Records for the task -

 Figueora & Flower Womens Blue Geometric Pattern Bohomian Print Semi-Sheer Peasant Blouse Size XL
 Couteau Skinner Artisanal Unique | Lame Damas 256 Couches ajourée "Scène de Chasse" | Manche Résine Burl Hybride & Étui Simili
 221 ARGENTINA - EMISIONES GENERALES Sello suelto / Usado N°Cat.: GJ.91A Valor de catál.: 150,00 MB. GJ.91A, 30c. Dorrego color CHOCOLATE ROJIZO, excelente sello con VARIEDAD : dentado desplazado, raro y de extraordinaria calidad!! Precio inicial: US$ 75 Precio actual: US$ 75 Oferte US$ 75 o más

---

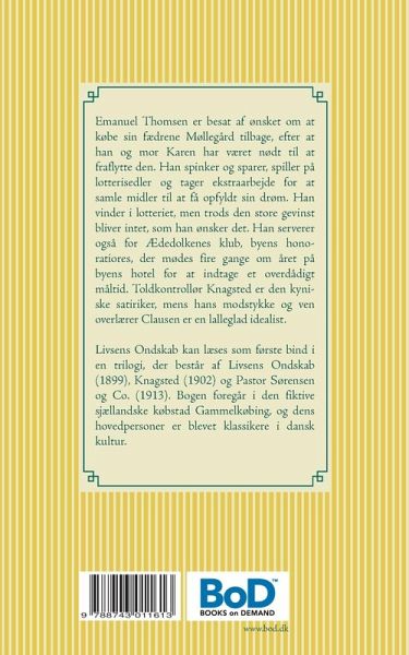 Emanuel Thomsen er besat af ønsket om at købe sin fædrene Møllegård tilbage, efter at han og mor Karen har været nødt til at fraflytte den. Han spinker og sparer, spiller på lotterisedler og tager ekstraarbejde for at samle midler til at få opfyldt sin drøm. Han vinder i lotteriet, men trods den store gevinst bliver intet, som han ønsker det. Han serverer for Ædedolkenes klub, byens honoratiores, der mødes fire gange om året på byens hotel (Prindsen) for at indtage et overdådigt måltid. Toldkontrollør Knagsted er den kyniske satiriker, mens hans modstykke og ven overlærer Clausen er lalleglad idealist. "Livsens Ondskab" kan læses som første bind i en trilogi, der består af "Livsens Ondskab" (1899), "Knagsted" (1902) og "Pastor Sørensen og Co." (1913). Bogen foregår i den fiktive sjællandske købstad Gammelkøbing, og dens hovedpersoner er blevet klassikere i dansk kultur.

---

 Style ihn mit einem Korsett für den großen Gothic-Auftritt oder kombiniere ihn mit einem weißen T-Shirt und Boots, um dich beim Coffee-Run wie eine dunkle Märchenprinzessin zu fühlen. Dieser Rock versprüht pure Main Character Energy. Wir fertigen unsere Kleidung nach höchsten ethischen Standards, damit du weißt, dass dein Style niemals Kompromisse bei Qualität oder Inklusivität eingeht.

Task statement -
Please, from the entries above, set down exactly the lines from the one containing "Figueora & Flower" through the one containing "221 ARGENTINA - EMISIONES", and only those.

Task output -
 Figueora & Flower Womens Blue Geometric Pattern Bohomian Print Semi-Sheer Peasant Blouse Size XL
 Couteau Skinner Artisanal Unique | Lame Damas 256 Couches ajourée "Scène de Chasse" | Manche Résine Burl Hybride & Étui Simili
 221 ARGENTINA - EMISIONES GENERALES Sello suelto / Usado N°Cat.: GJ.91A Valor de catál.: 150,00 MB. GJ.91A, 30c. Dorrego color CHOCOLATE ROJIZO, excelente sello con VARIEDAD : dentado desplazado, raro y de extraordinaria calidad!! Precio inicial: US$ 75 Precio actual: US$ 75 Oferte US$ 75 o más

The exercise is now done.